Instagram is powerless to respond. As above, the exact features that make Instagram a good social app prevent it from becoming a good entertainment app. The more they push "entertainment", e.g. through Reels, the more they hurt their "social" product. It's a catch-22.

This issue is at the heart of the Great Unbundling of Consumer-Social. And it is why TikTok will keep winning.

But it could get even worse for Instagram.

Intimate Media in 2022: Unbundling "Social"

So we’ve covered TikTok, which unbundled “entertainment” from Instagram’s bundle. What might an app that unbundled “social” from Instagram look like? It could have some of the following features:

  • No creators in the core experience

  • Supercharged social interactions by gamification

  • One-to-one feel

  • Updates on where your friends are in the world

  • Rich messaging features

Ringing any bells?

These are exactly the product elements that BeReal (one-off daily tit-for-tat photos), Sendit (social games), Feels (interactive dating, our portfolio company), NGL (anonymous Q&A), Discord (supercharged group chats), Zenly (social maps), and to some extent, Snapchat (visual disappearing messaging), have created.

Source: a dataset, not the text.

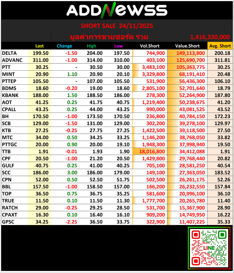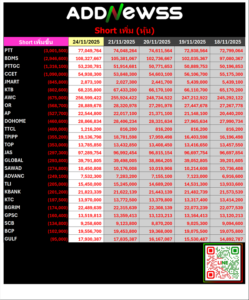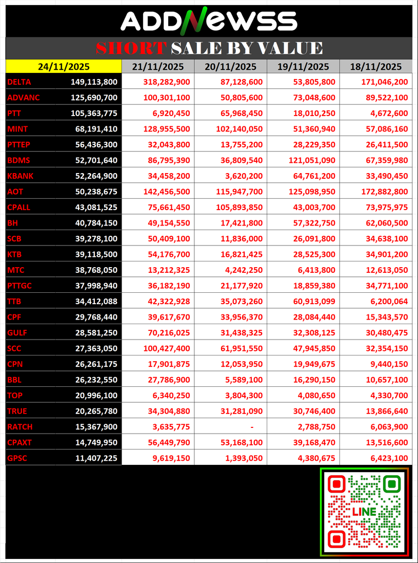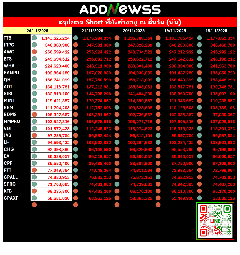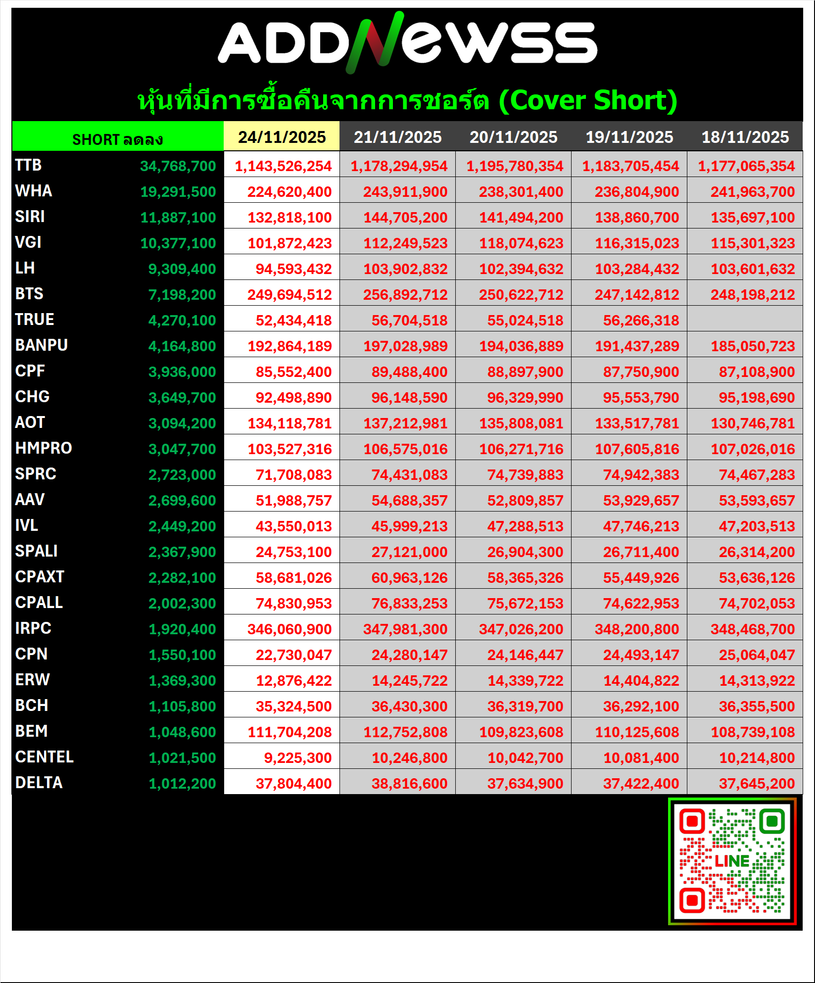 🔴🔴Short Sale 📅 24/11/2025 📅 2025-11-25 06:34 ✎ administrator 🗇 🔴Short 👍 - แชร์โพสต์นี้ 🔴🔴Short Sale 📅 24/11/2025 🟢30 อันดับ Cover Short 🔴30 อันดับ Short เพิ่ม “👀” ดู Short Sale ย้อนหลังได้ที่ https://addnewss.news/post?catid=002

Because of their truly-social focus, we can call these apps “intimate media”.

Take BeReal as an example: the app is minimalistic, and does not feel designed to “entertain”. By encouraging users to take one photo per day to share with their friends, it allows people to keep up-to-date with their loved ones, while sharing their updates in a low-effort way.

This is working so far, with global MAUs reaching above 5 million per SensorTower:

BeReal MAUs since launch (includes iOS + Android). SensorTower data

Feels, Discord, Sendit, Zenly, NGL and others have similar social-first attributes.

So although BeReal and other equivalents remain in early innings, I believe that there is a generational opportunity to unseat Instagram (possibly with several apps to start, instead of one monopoly).

Why now? Because with unbundling: when it rains, it pours. Now that TikTok has taken leadership of “entertainment”, Instagram’s bundled offering becomes even less compelling, and competitors focusing purely on “social” have a unique opportunity to grow share.

As Creator Economy thought leader Hugo Amsellem puts it: we are in a “Loneliness Economy”, and these social apps can fill this gap.

This will be a key investment theme for us at Creator Ventures.


We began the description of unbundling with Ben Thompson’s (Stratechery) piece from 2017 predicting the unbundling of cable, and therefore its slow decline. Five years later in May 2022 he revisited this prediction (“Cable’s Last Laugh”). The conclusion was quite different; that people had written off cable too early, it is “stronger than ever and poised for growth”.